Passing down the hallway through the ER, the visitor enters the rest of the hospital. More pneumatic doors allow a gurney or wheelchair to pass without delay. Down the hall to the right are the two Intensive Care Units. In the Neonatal ICU, the bright hospital lights give way to a more subdued atmosphere, dimmer, calmer. In the ECMO area, nurses, two at a time, all the time, hover over premature babies whose undeveloped lungs need the help of the Extracorporeal Membrane Oxygenation machines. The ECMO breathes for the baby until she can take in air on her own. Once distinguished by their immaculate white uniforms, distinctive starched caps, and sensible white shoes, modern nurses stand out with gaily patterned smocks and bright slacks or simple blue scrubs.

Almost as crowded with monitoring equipment, the Infant ICU makes a little more accommodation for parents with a sleeping chair so that the infant can enjoy the touch and soft words of Mom and Dad. For an infant, or any child, the trauma of hospital care can slow recovery and loving parents are included in the treatment plan. A simple rocking chair, worn from years of loving use, sits to the side.

In another room, A volunteer “Auntie” rocks a baby girl with more tubes in her tiny body than the sunrises since her birth. Human contact and soft words are as critical to her survival as the medicines. A hand-lettered card is taped to the crib and reads, “Amy, Trust in God.”

Up one flight of stairs is an area specially designed with sleeping rooms, showers, sitting areas, laundry facilities, telephones, and even Internet access. Exhausted parents with blue-and-white stick-on name tags wait and try to rest, and try to share with each other the progress of their little ones downstairs.

Out through the big swinging doors into the public areas, elaborate murals and oversize plastic figures greet patients and visitors. Small children look up amazed at the images and some are hoisted on shoulders so that they can touch the animals and faces which smile from brightly colored locomotives and rocket ships. Great blue and green fish tanks catch little eyes and fascinate growing brains. The vast and confusing hospital is designated not with impersonally lettered wings, but into sectors marked by whales, giraffes, airplanes, rockets, and trains. Parents push hairless children in wheelchairs and teenagers pull intravenous stands that dangle life-giving solutions, but everywhere the visitor sees life and color and caring. Only so much assurance can be offered to a haggard family awaiting the results of a risky surgery or to a child facing months and years of painful rehabilitation, but the happy murals and bright figures help. Two clowns in white makeup, one with a guitar slung across his back, make their way into another unit to tell a joke, sing a song, and bring some cheer.

Visiting families with gifts and balloons make their way to patient rooms, and children, patients and guests, enjoy the toys and games in the public play areas. Blue-coated volunteers distribute gifts, cards and toys, offer companionship, and pitch in to give weary parents a break in supervision of young brothers and sisters. Social workers with their portfolios full of answers offer solutions to the greatest crises in these families lives.

Over in Rehab, patient rooms resemble the bedrooms of all kids with books, clothing, and posters in seeming disorder, but rationally placed in the mind of the adolescent occupants. Rehab patients tend to stay the longest at Children’s while medical staff and therapists seek to repair and rebuild damaged spines and legs. The patients are encouraged to make themselves as much at home as possible, and home can look disorganized to a visitor. Special video game consoles allow a patient to play from bed both for entertainment and for therapy. A Teen Room provides space for older patients to gather and play arcade games, listen to music, and just hang. Some evenings, when things calm down, an old man with white hair stops in to see the patients. He is there as much to learn from their courage as to bring them friendship.

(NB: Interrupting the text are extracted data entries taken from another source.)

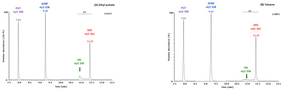 Typical GC-MS chromatograms from analyses of the PFP derivatives in EA and TOL extracts using OTP40 are shown in Figure 3. The PFP derivatives of PUT, AGM, SPD, and 13C4-SPD had almost identical retention times in EA and TOL extracts. The PFP derivatives of d0-HA and d4-HA were found in larger abundance in the EA extracts. On a molar basis, the PFP derivatives of PUT and AGM had similar peak areas in both extracts. The PFP derivatives of SPD and 13C4-SPD had similar peak areas in both extracts as well, but they were considerably smaller compared to those of PUT and AGM. The peak areas of the PFP derivatives of d0-HA and d4-HA were small in EA and not present in TOL extracts (Figure 3). The main results are reported in Table 1 for the individual amines and include retention time (tR) and peak area (PA) of the derivatives, linearity between PA (y) and amine amount (x), and signal-to-noise (S/N) values. Table 1 also reports the peak area ratio (PAR) of the PFP derivatives of 13C0-SPD-(PFP)3 and 13C4-SPD-(PFP)3. The detailed results of this experiment for PUT, AGM, and SPD are presented in the Supplementary Material (Table S1) to this work.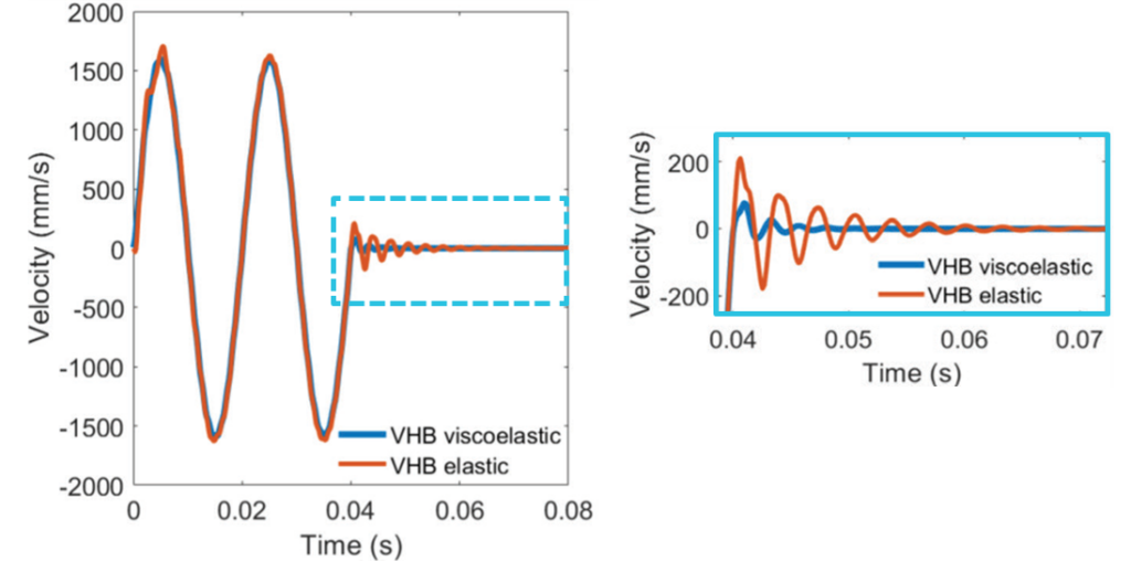 These figures demonstrate the viscoelasticity of 3M VHB Tape and how it provides necessary energy absorption during impact events. Figure 7 illustrates an impact-type velocity oscillation. Figure 7a details the damping difference between viscoelastic and elastic behavior. By applying oscillatory excitation, a post-pulse oscillation takes longer to absorb the oscillation on the elastic than on the viscoelastic model. For the elastic model a hyperfoam elastic model has been used.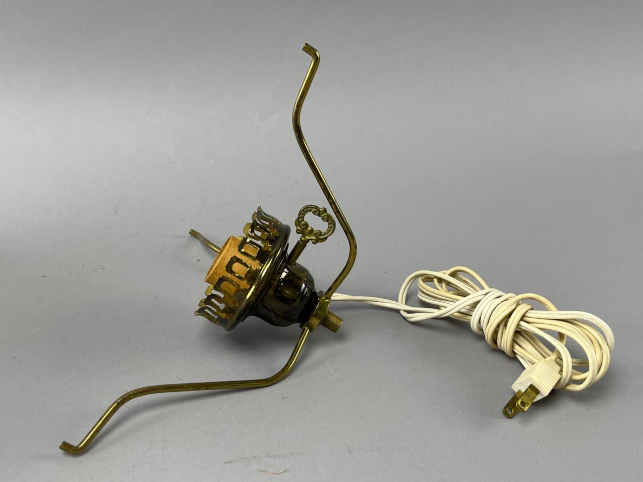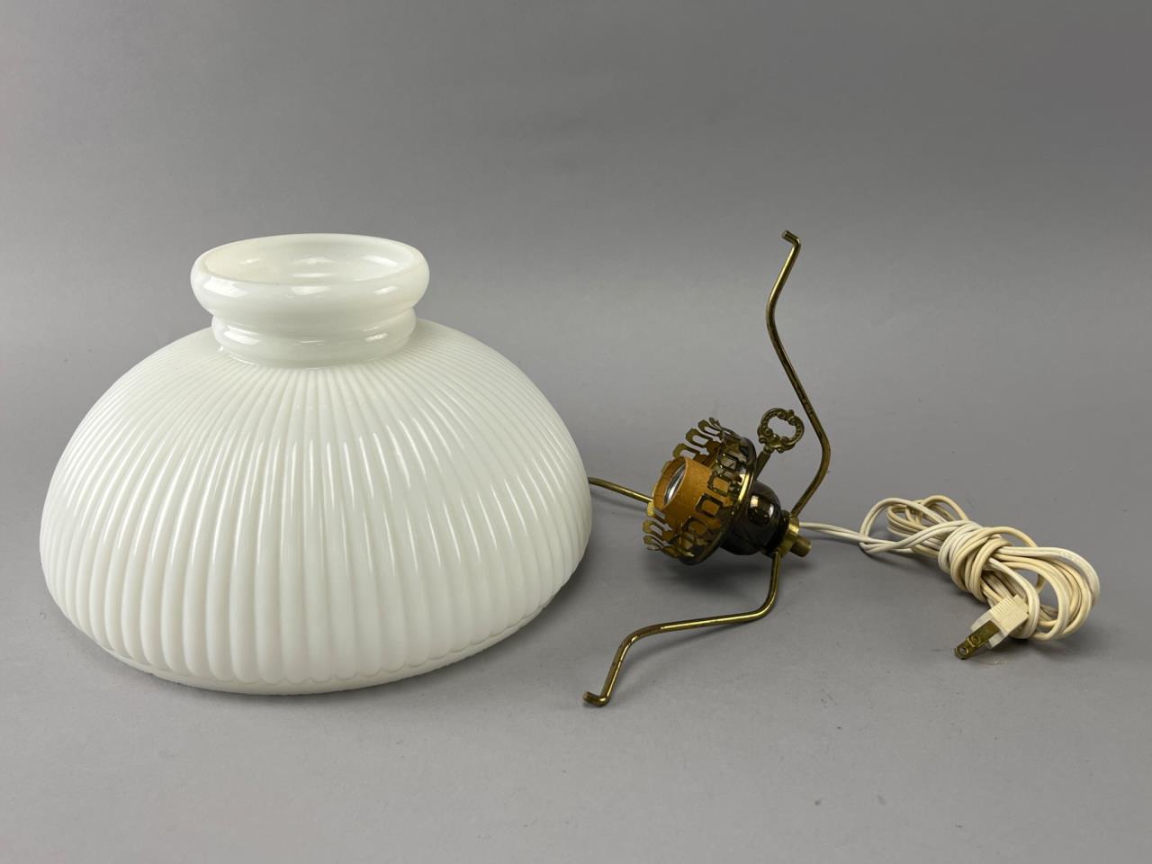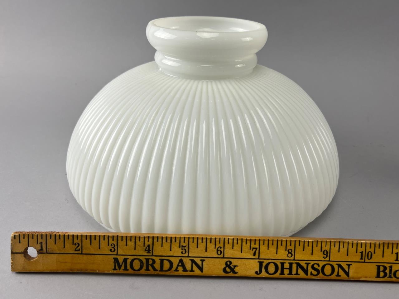 White ribbed glass lamp shade paired with a metal fixture and corded plug. Plug not tested. Visible wear on the metal arms.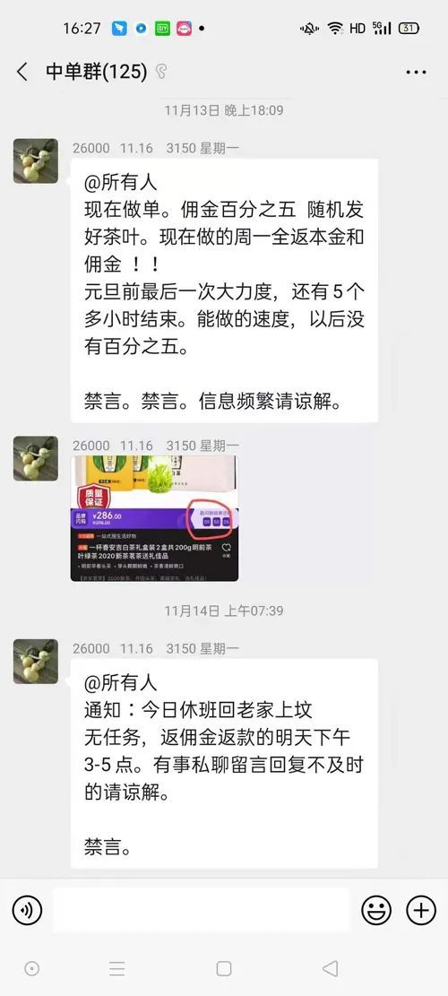 此外,不同的受访者均告诉网记者,一杯香茶业做这种派单的工作人员并不只有一人,并提供了相应微信群的聊天截图。这种免费送茶叶,下单返本金赚佣金的行为,似乎是一杯香茶业惯用的一种销售经营模式。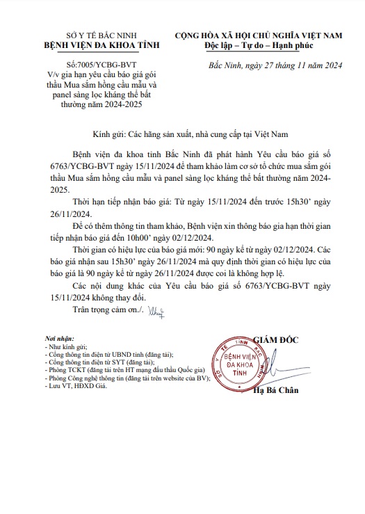 Gia hạn yêu cầu báo giá gói thầu Mua sắm hồng cầu mẫu và panel sàng lọc kháng thể bất thường năm 2024-2025
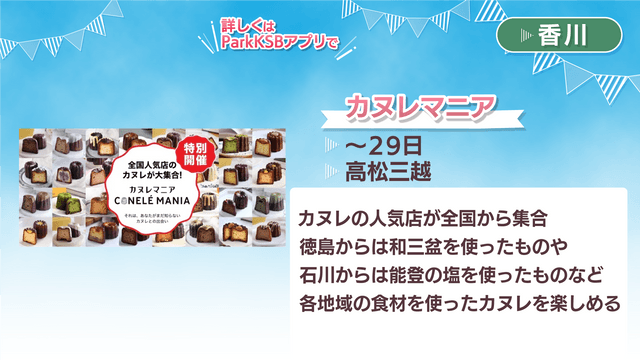 香川県の1位は、高松三越で開かれている「カヌレマニア」です。カヌレの人気店が全国から集まっているため、プレーンだけでなく、徳島からは和三盆を使ったものや、石川からは能登の塩を使ったものなど、各地域の食材を使ったカヌレを楽しむことができます。このイベントは10月29日まで高松三越で開かれています。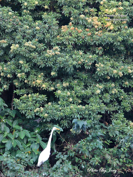 台灣海桐花+紅嘴黑鵯+大白鷺+中白鷺+小白鷺。 我曾在網誌發表「<旅遊花樹記事>台灣海桐 蜂蝶聞香來」,當時,因題材限制,並沒有將鳥、蛾及金龜子列入;其實陸陸續續在不同的場域都會有新的發現。並補拍到新的蜂、蝶訪客不少;因為數位網誌的方便修改增補的特性,因此,事後也還有持續的調整更新。 台灣海桐樹姿具觀賞價值,可作為庭園觀賞樹及行道樹用;也常被種為水岸邊及海岸當作防風林,因此廣佈在海濱及平原闊葉林中。因此可說是水岸及低海拔山區都適於栽種的植物。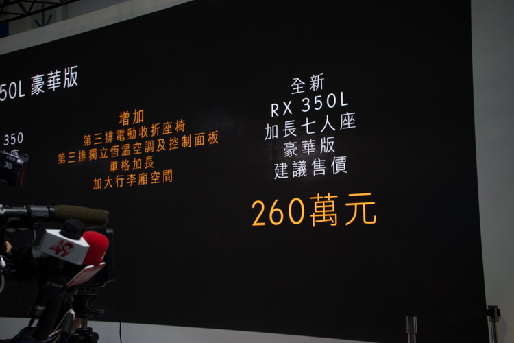 LEXUS這次車展帶來的最大好消息,就是人氣豪華SUV-RX車系的七人座加長版車型RX L正式引進國內上市。RX L是將RX的後懸長增加11公分,使車身自RX的C 柱後方延伸,打造出更多的空間,讓RX增加了第三排座椅,提供二個額外的乘坐空間。LEXUS成功挑戰了讓全新RX L既能保有RX原有的時尚前衛造型,更具備寬敞舒適的座艙空間,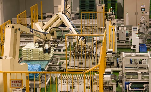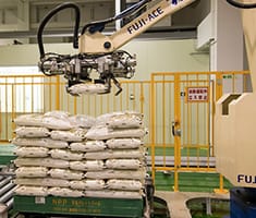 チェックされた製品をパレットへ積み、製品保管庫へ搬送します。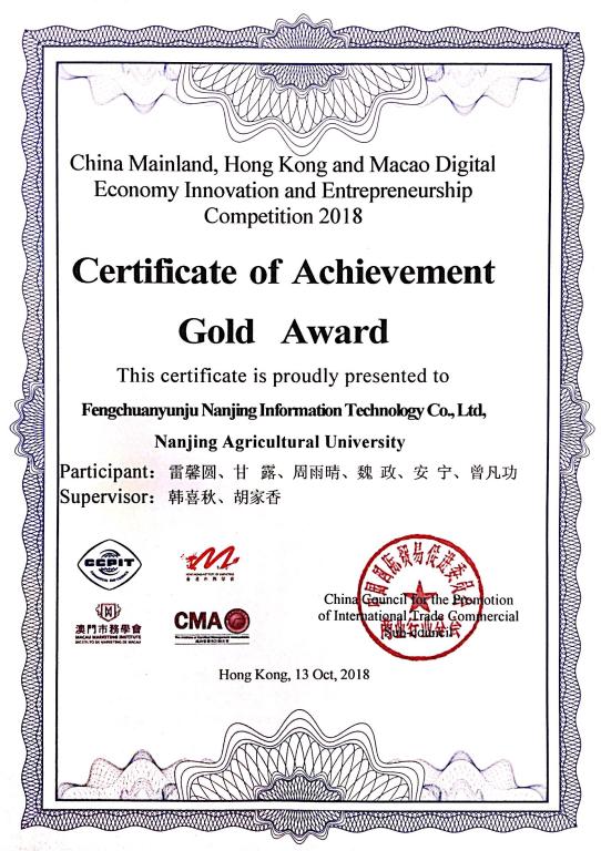 10月13 日,2018年内地与港澳地区数字经济创新创业竞赛(China Mainland, Hong Kong and Macao Digital Economy Innovation and Enterpreneurship Competition 2018)在香港南洋中心成功举办。此次大赛由中国国际贸易促进委员会商业行业委员会主办,香港市务学会、澳门市务学会和澳洲管理会计师公会协办。英国365官网教师韩喜秋和胡家香带领来自农林经济管理、国际经济与贸易和工商管理等专业的本科学生共计8人参加此次比赛,经过激烈角逐,英国365官网参赛项目《风船云聚,聚力未来》从13组队伍中脱颖而出,斩获金奖。

Earlier in the day, the outpatient clinics upstairs bustled with families and staff making their way to appointments. Strollers disguised as brightly colored kiddie cars help take young attentions away from what must be a mystifying and even frightening experience.

In any direction, the visitor sees the mission of Seattle Children’s being delivered with love and with respect, but perhaps unaware that outside and across the community, the state, and the region a complex and comprehensive system of support makes it all possible. As Alice down in the ER gets the help she needs to breathe and to stay alive, she knows nothing of what makes it all possible. She and the other children are fortunate that their parents and neighbors can give them the care that they need, fortunate that their community can boast one of the finest pediatric medical centers in the nation, and fortunate that conditions like infantile paralysis, diphtheria, osteomyelitis,, and tuberculosis that crippled and killed children a generation or two before are now little more than historical trivia.

On another rainy night in 1898, in a fine home with a sweeping view of Seattle, six-year-old Willis Clise was not so lucky.

[Willis died. Nine years later, his mother helped found Children’s Orthopedic Hospital]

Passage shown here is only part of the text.